On May 21st, AACC sent a letter to the Department of Health and Human Services (HHS) Secretary Xavier Becerra raising concerns about ongoing efforts to create a dual regulatory structure that would place laboratory developed tests (LDTs) under both the Food and Drug Administration (FDA) and Centers for Medicare and Medicaid Services (CMS) oversight. The association asserted that LDTs are already subject to extensive regulation under the CMS Clinical Laboratory Improvement Amendments (CLIA) and that any changes should take place within the existing regulatory structure.
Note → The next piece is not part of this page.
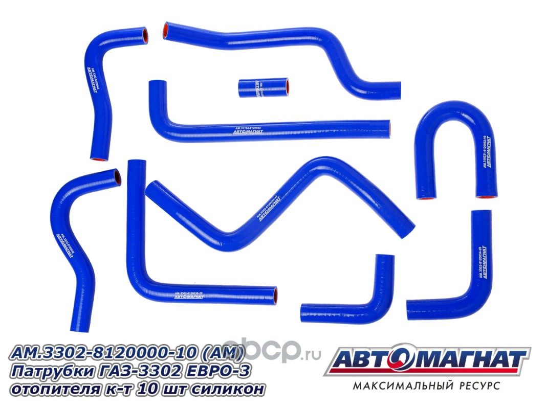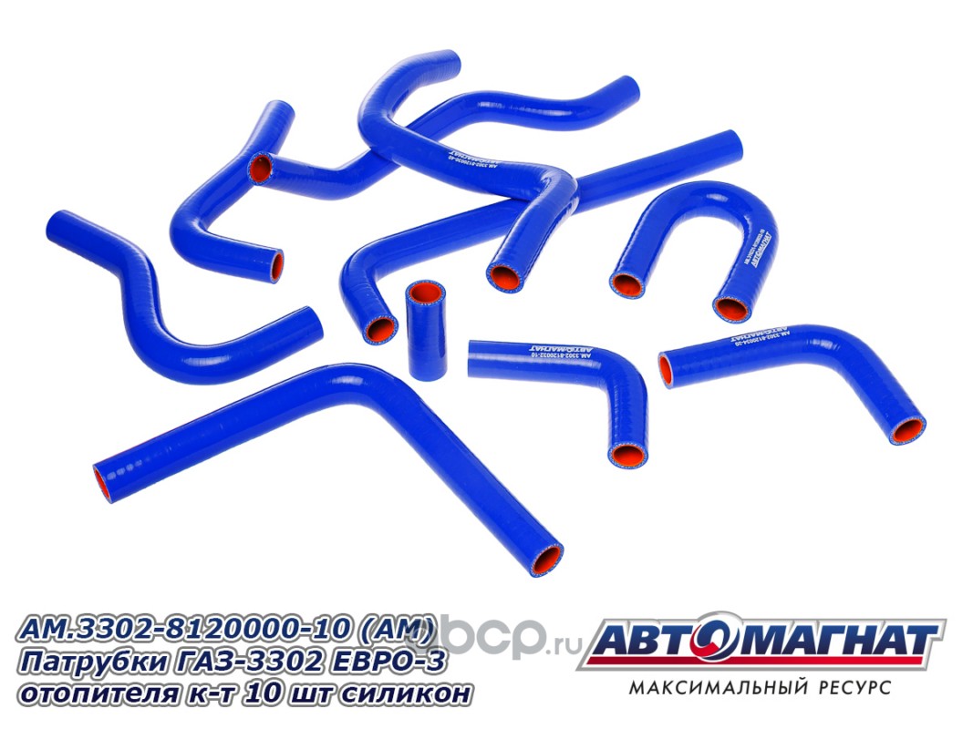 АВТОМАГНАТ AM100029 Патрубки ГАЗ-3302 ЕВРО-3 отопителя комплект 10шт. силикон.

Last year, there were several legislative initiatives introduced to address this issue. In March 2020, Sen. Rand Paul introduced the Verified Innovative Testing in American Laboratories (VITAL) Act, which would codify the existing regulatory structure under CLIA. The bill was introduced as an alternative to the Verifying Accurate, Leading-edge IVCT Development (VALID) Act, sponsored by Reps. Larry Bucshon and Dianne DeGette, which would extend FDA oversight to LDTs. AACC endorsed VITAL shortly after its original introduction. Sen. Paul recently reintroduced VITAL in May, and VALID is expected to be reintroduced in the coming weeks.
The association will continue working with its allies to ensure that all patients continue to have access to LDTs.